Your goal
Give the data again exactly, without its images.

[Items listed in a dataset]
****************************************

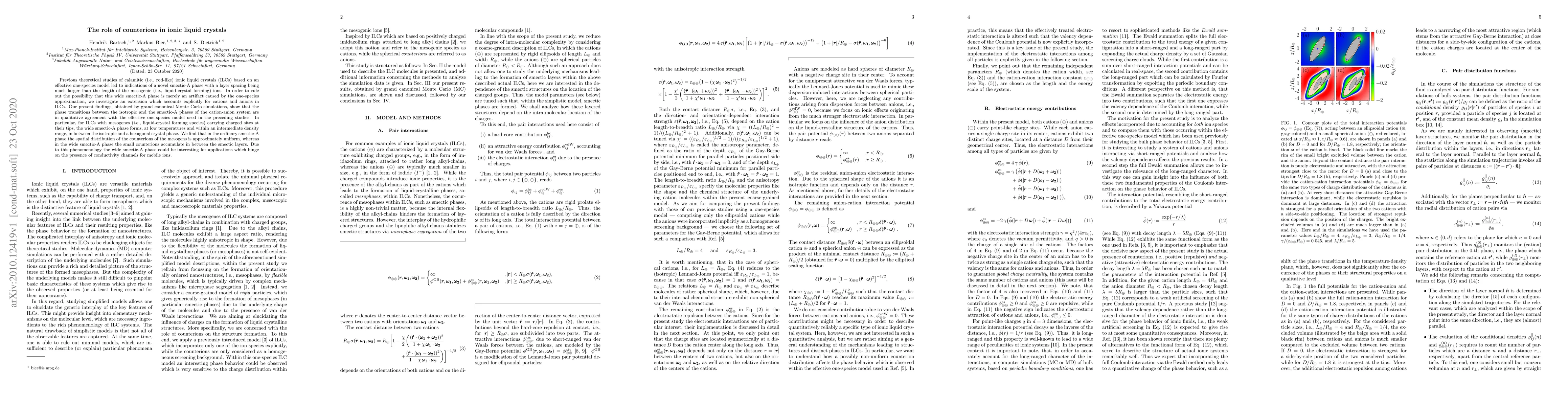 This study investigates the role of counterions in calamitic ionic liquid crystals (ILCs) using grand canonical Monte Carlo simulations, finding that the inclusion of cations and anions does not alter the phase transitions predicted by a one-species model. The wide smectic-A phase, characterized by counterion accumulation between layers, suggests potential applications in conductive ion-based technologies.
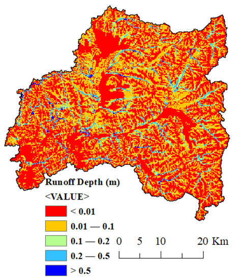 In this study, the Curve Number (CN) loss model [43] was used to compute surface runoff. According to this method, the excess rainfall is computed according to
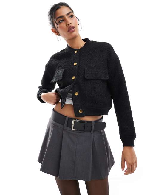 Chaqueta bomber negra abotonada de bouclé texturizado de Style Cheat
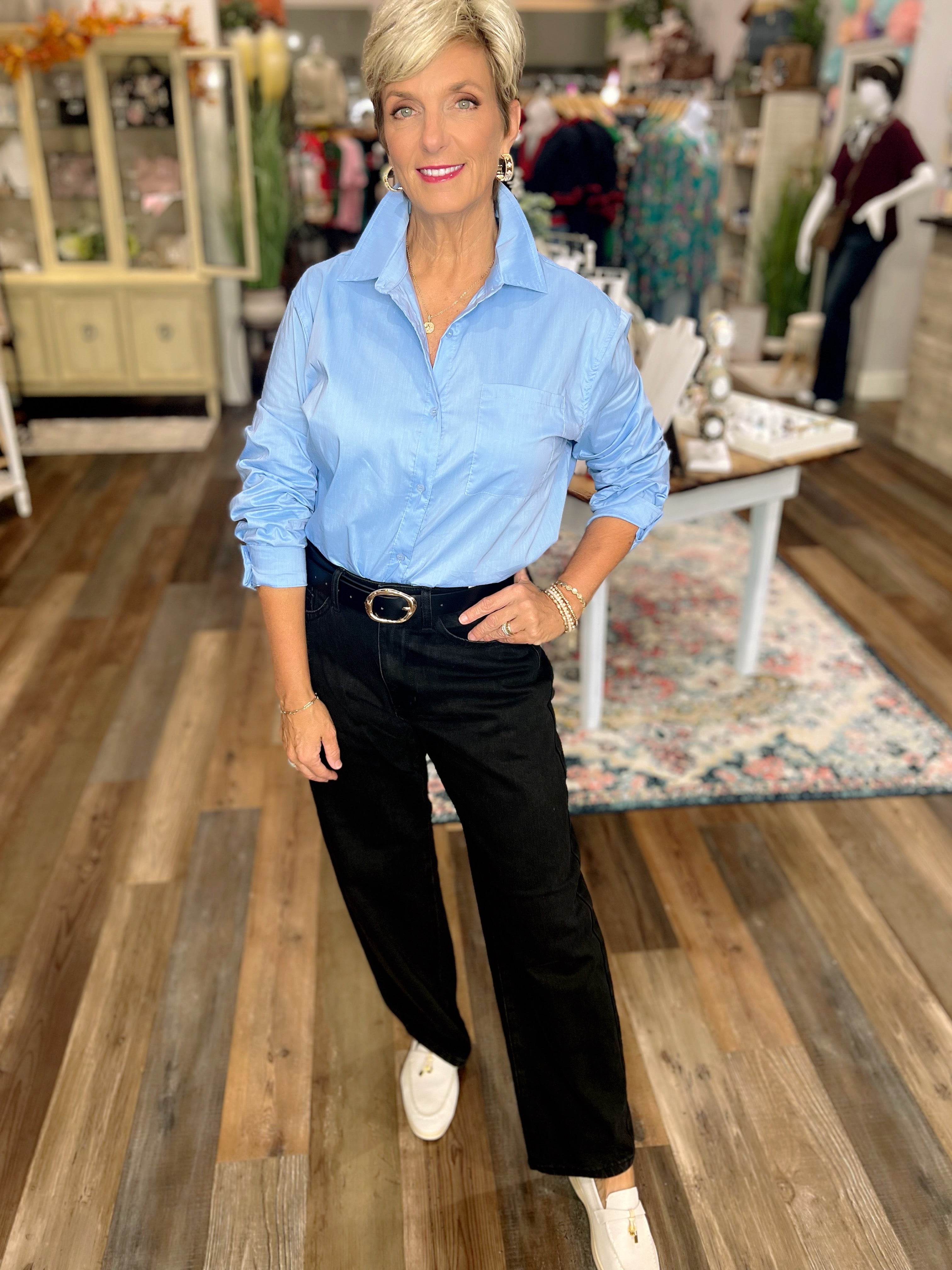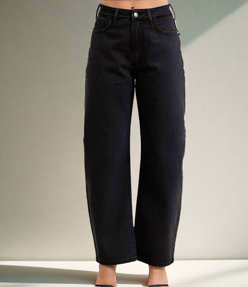 Pair with a structured blazer and loafers for an elevated workwear vibe, or keep it casual with sneakers and a tucked-in tee. Add a statement belt to highlight the high rise and finish your look with confidence.
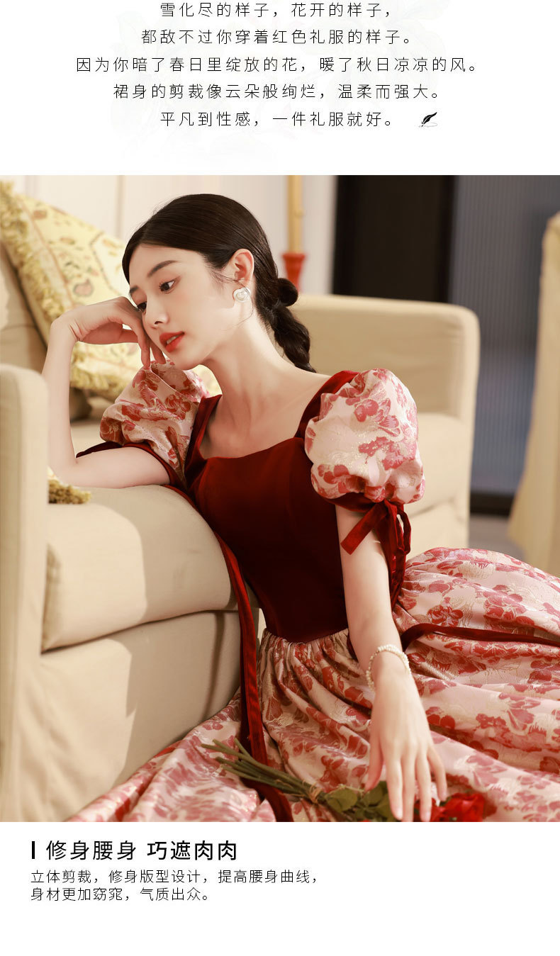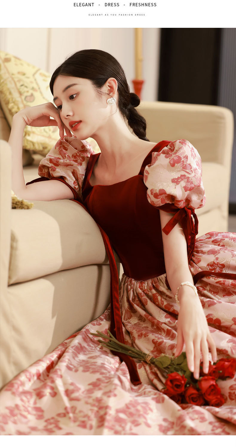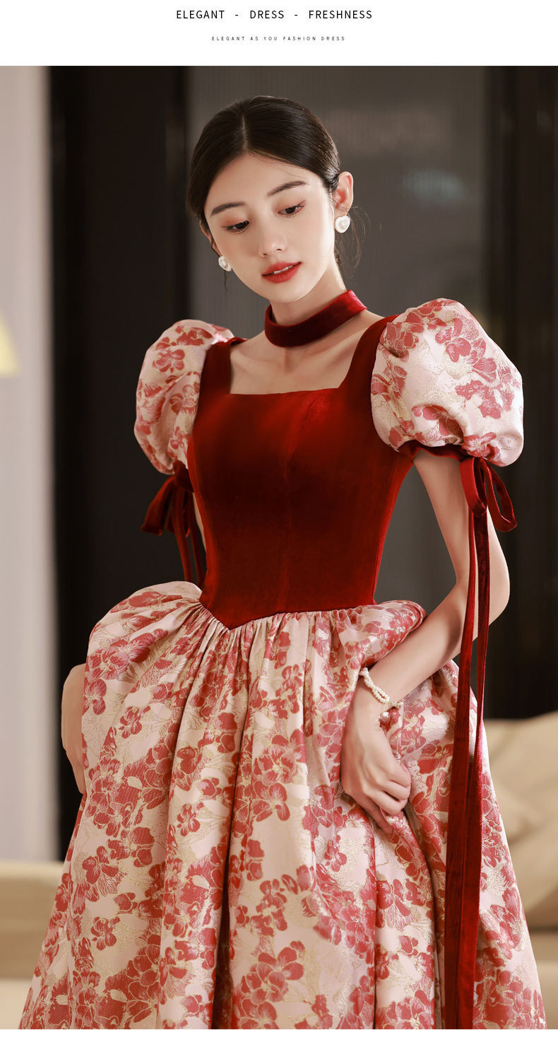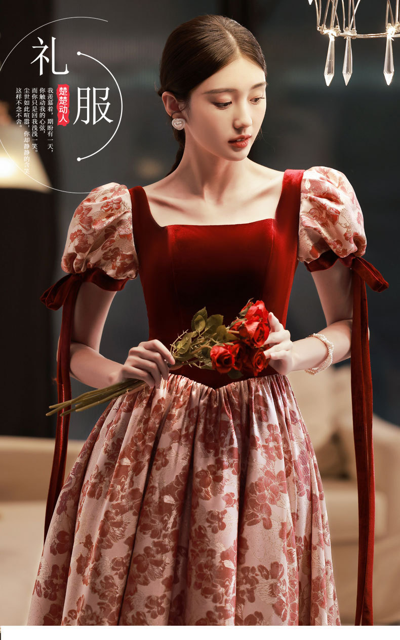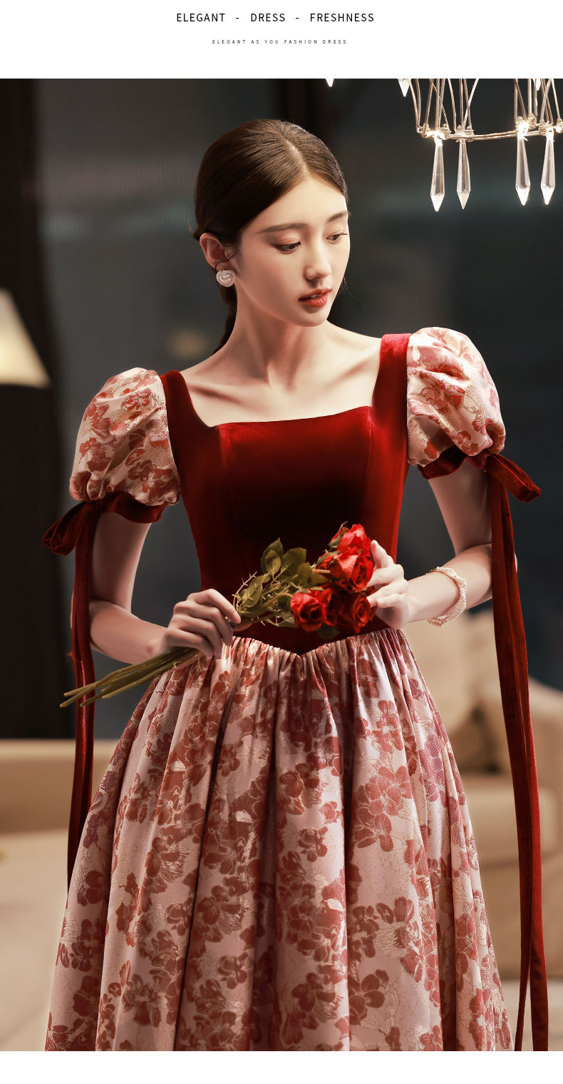 Váy dài dành cho cô dâu trong các buổi tiệc, mang phong cách cổ điển nhẹ nhàng như nàng công chúa. Thiết kế dáng dài với họa tiết hoa nhỏ màu rượu vang tinh tế. Chất vải mềm mại giúp bạn dễ dàng vận động và tạo dáng. Sản phẩm có thể mặc trong những dịp đặc biệt như tiệc đính hôn, hoặc phù hợp để sử dụng hàng ngày. Dễ dàng kết hợp cùng phụ kiện và giày để tạo nên vẻ ngoài ưa nhìn. | Tên sản phẩm: Váy Đầm Liền Thân Dự Tiệc Nữ Họa Tiết Hoa Dùng Trong Lễ Cưới - Thời Trang Nữ | Mã sản phẩm: K0417 - Giá: 1.900.000đ | Mã nhà sản xuất: XUTYYU-G05Hình ảnh sản phẩm
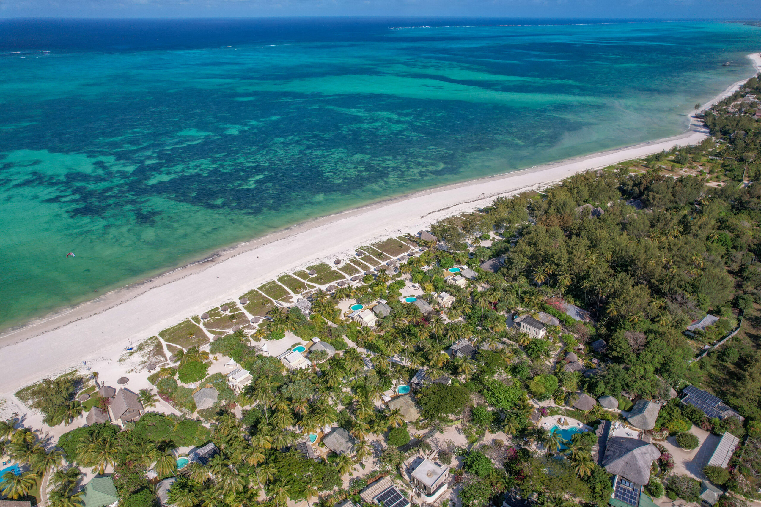 على الشواطئ الحالمة لمنطقة باجي في زنجبار، يسطع منتجع فيلات وسبا وايت ساند كواحة فاخرة تنسجم مع الطبيعة وتتنفّس برهافة مفاهيم الاستدامة. هنا، يتجلّى الجمال في أدق التفاصيل: 18 فيلا واسعة، مزوّدة بمسابح خاصة وأحواض جاكوزي، وخدمة خادم شخصي تُعزّز من شعور الضيوف بالخصوصية والراحة. سواء كنتم ثنائياً يبحث عن الرومانسية، أو عائلة ترغب في عطلة مترفة، أو مجموعة تتشارك لحظات العمر، فإنّ المنتجع يفتح أبوابه لعالم من التجارب الراقية.
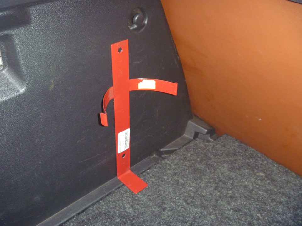 3. На задней полке. Для такого размещения огнетушителя приходится дорабатывать заднюю полку.
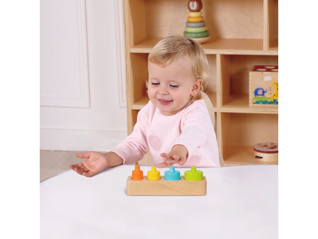 - Ermöglicht Kindern, Gegenstände einzulegen und das Konzept der Objektpermanenz zu entdecken.
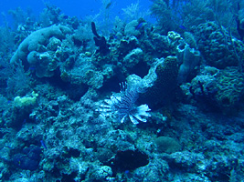 Unfortunately, not all spectacular looking fish are entirely welcome here. Lionfish are an invasive species in the Caribbean. It's the only fish that divers are allowed, even encouraged, to kill within the boundaries of the protected marine park. The Caymanians are working on new Lionfish recipes all the time. Humans are currently their only predator (those spines making up the "mane" are highly poisonous).

****************************************

Expected answer
 This study investigates the role of counterions in calamitic ionic liquid crystals (ILCs) using grand canonical Monte Carlo simulations, finding that the inclusion of cations and anions does not alter the phase transitions predicted by a one-species model. The wide smectic-A phase, characterized by counterion accumulation between layers, suggests potential applications in conductive ion-based technologies.
 In this study, the Curve Number (CN) loss model [43] was used to compute surface runoff. According to this method, the excess rainfall is computed according to
 Chaqueta bomber negra abotonada de bouclé texturizado de Style Cheat
 Pair with a structured blazer and loafers for an elevated workwear vibe, or keep it casual with sneakers and a tucked-in tee. Add a statement belt to highlight the high rise and finish your look with confidence.
 Váy dài dành cho cô dâu trong các buổi tiệc, mang phong cách cổ điển nhẹ nhàng như nàng công chúa. Thiết kế dáng dài với họa tiết hoa nhỏ màu rượu vang tinh tế. Chất vải mềm mại giúp bạn dễ dàng vận động và tạo dáng. Sản phẩm có thể mặc trong những dịp đặc biệt như tiệc đính hôn, hoặc phù hợp để sử dụng hàng ngày. Dễ dàng kết hợp cùng phụ kiện và giày để tạo nên vẻ ngoài ưa nhìn. | Tên sản phẩm: Váy Đầm Liền Thân Dự Tiệc Nữ Họa Tiết Hoa Dùng Trong Lễ Cưới - Thời Trang Nữ | Mã sản phẩm: K0417 - Giá: 1.900.000đ | Mã nhà sản xuất: XUTYYU-G05Hình ảnh sản phẩm
 على الشواطئ الحالمة لمنطقة باجي في زنجبار، يسطع منتجع فيلات وسبا وايت ساند كواحة فاخرة تنسجم مع الطبيعة وتتنفّس برهافة مفاهيم الاستدامة. هنا، يتجلّى الجمال في أدق التفاصيل: 18 فيلا واسعة، مزوّدة بمسابح خاصة وأحواض جاكوزي، وخدمة خادم شخصي تُعزّز من شعور الضيوف بالخصوصية والراحة. سواء كنتم ثنائياً يبحث عن الرومانسية، أو عائلة ترغب في عطلة مترفة، أو مجموعة تتشارك لحظات العمر، فإنّ المنتجع يفتح أبوابه لعالم من التجارب الراقية.
 3. На задней полке. Для такого размещения огнетушителя приходится дорабатывать заднюю полку.
 - Ermöglicht Kindern, Gegenstände einzulegen und das Konzept der Objektpermanenz zu entdecken.
 Unfortunately, not all spectacular looking fish are entirely welcome here. Lionfish are an invasive species in the Caribbean. It's the only fish that divers are allowed, even encouraged, to kill within the boundaries of the protected marine park. The Caymanians are working on new Lionfish recipes all the time. Humans are currently their only predator (those spines making up the "mane" are highly poisonous).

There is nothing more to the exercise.